As it happens, the financial reality of the public library was contained within the front cover of my copy of 'Jackal'. It was bought by North Finchley library in the London borough of Barnet in 2005, and was borrowed 16 times in the next three years before it was disposed of. During that time, the entire economic consequence of this book -- its purchase, the payments and future pensions of the librarians, the cost of running and heating and lighting the library, and paying both the original purchase-royalty and the 16 subsequent borrowing-royalties to the great Frederick Forsyth -- was covered by the state.
Why?

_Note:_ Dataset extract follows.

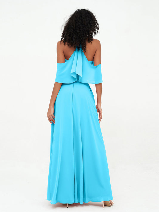 Babaroni IvyVestidos máximos de chiffon estilo halter con hombros descubiertos Piscina
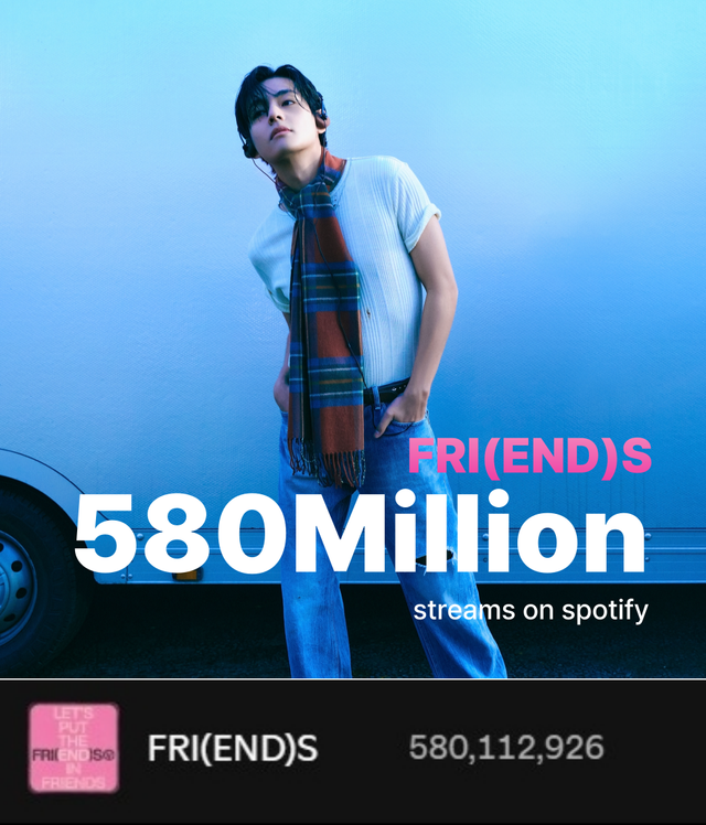 [스포츠동아 양형모 기자] 방탄소년단 뷔의 솔로곡 ‘프렌즈’가 스포티파이 5억8000만 스트리밍을 돌파하며 글로벌 팬들의 꾸준한 사랑을 다시 입증했다.

Why should the exchequer pay for libraries to stock best-selling novels in order that miserly adults may borrow them for "free"? Meanwhile, bookshops that are economically self-supporting and generate real, earned money both for the state and the author are closing everywhere, not least because of competition from the nearby lending-libraries. Indeed, the latter, almost comically, have now also diversified into CDs and DVDs. I bet my chum Bono just loves that.
This economic lunacy is so wrapped up in the swaddling clothes of sanctimony that it's almost impossible to see that inside there's not some famished waif, but a wolf. Defending today's libraries because of what they once did for young would-be writers with rickets, scurvy and scabies is intellectually rather like arguing for air-raid shelters, gasmasks and cod liver oil, or wet nurses, the Poor Law and alms houses. Yes, by all means, let children borrow books for free. But that's no argument for the Exchequer supporting public-lending libraries that largely indulge the literary tastes of mean-minded grown-ups. How long did it take for the Chinese peasant to discover that he didn't have to burn down his house every time he wanted roast pork? How long before we realise that it's not necessary to give free libraries TO ALL in order just to lend books without charge to children?